### EXERCISE INSTRUCTIONS
The result should be the lines from the one that contains "mask wholesale |" to the final line of the entries below, copied exactly and with no pictures.

### Collected data
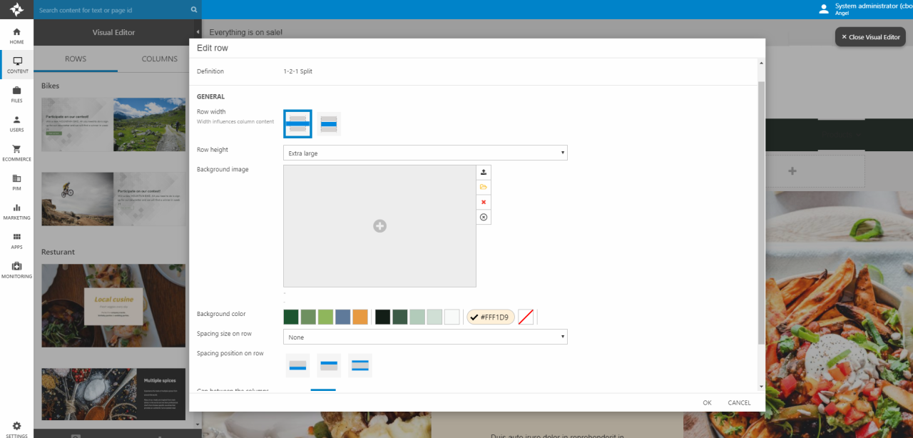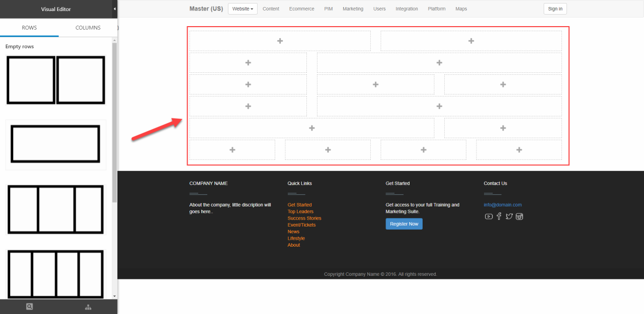 When the rows & row templates are defined you can open the Visual Editor and drag and drop some rows onto a page (Figure 4.1). The rows are empty, of course – so let’s talk content.
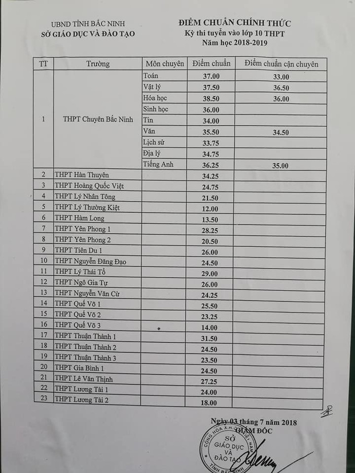 Theo đó, điểm chuẩn vào lớp 10 của trường chuyên, trung học phổ thông công lập trên địa bàn tỉnh Bắc Ninh vừa công bố như sau:
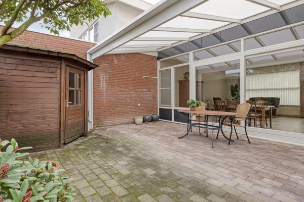 De patiotuin is circa 6,65 breed en 6,50 meter diep en grotendeels verhard met sierklinkers. Grenzend aan de woning is een royaal overdekt terras aanwezig. Hier kan eenvoudig een grote eettafel of royale lounge set staan.
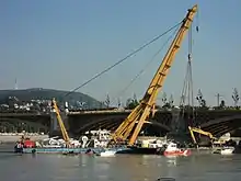 Clark Ádám is a crane vessel, specifically a floating sheerleg, built in 1980 in Budapest, Hungary, by the Hungarian Shipyards and Crane Factory (Hungarian: Magyar Hajó- és Darugyár; MHD) Angyalföld Division. It originally had a lifting capacity of 120 metric tons, gradually raised to 200 tons by 2006,[3] making it one of the largest in lifting capacity on Central European rivers.[4][5] It is mainly used for building bridges, but is also commissioned to assist salvage operations, as well as to launch hydrofoils. It has rescued several ships; in 2019 it raised the sunken Hableány from the Danube at Budapest. The vessel is named after Scottish engineer Adam Clark (1811–1866).[2]
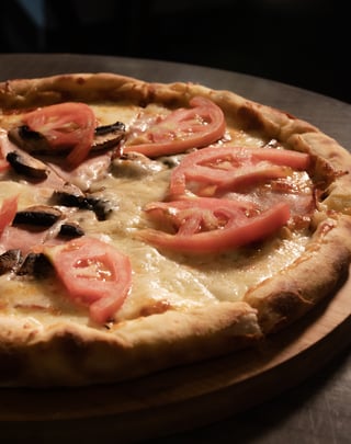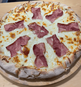 - Tomato sauce, mozzarella, edam, bacon, pepper, ham, mushrooms
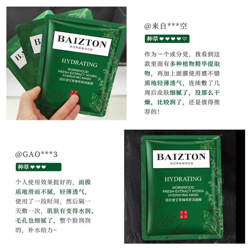 | nameOriginal | Baizhentang wormwood fresh extract comfortable mask moisturizing shrink pores improve acne refreshing mask wholesale |
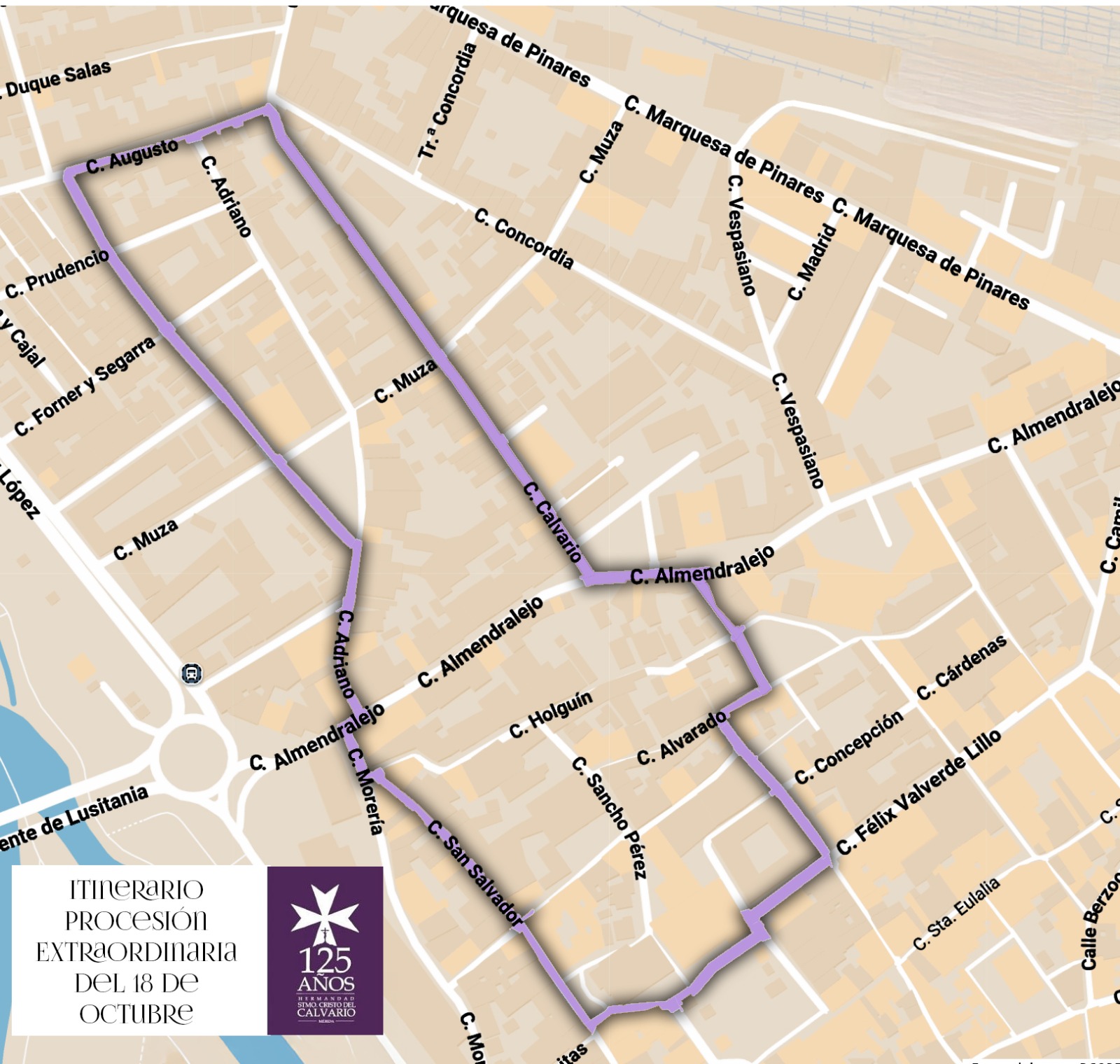 El recorrido que llevará la procesión es Calvario, Almendralejo, Travesía de Almendralejo, Plaza de la Constitución, Alvarado, Trajano, Félix Valverde Lillo, Plaza de España, Plaza de Santa María, San Salvador, Morerías (en este punto se apartará el paso de la Entrada en Jerusalén) Almendralejo, Callejón de la Amargura, Plaza de Luis Chamizo, Capitán Francisco Almaráz, Augusto y ermita del Calvario.

### YOUR RESPONSE
 | nameOriginal | Baizhentang wormwood fresh extract comfortable mask moisturizing shrink pores improve acne refreshing mask wholesale |
 El recorrido que llevará la procesión es Calvario, Almendralejo, Travesía de Almendralejo, Plaza de la Constitución, Alvarado, Trajano, Félix Valverde Lillo, Plaza de España, Plaza de Santa María, San Salvador, Morerías (en este punto se apartará el paso de la Entrada en Jerusalén) Almendralejo, Callejón de la Amargura, Plaza de Luis Chamizo, Capitán Francisco Almaráz, Augusto y ermita del Calvario.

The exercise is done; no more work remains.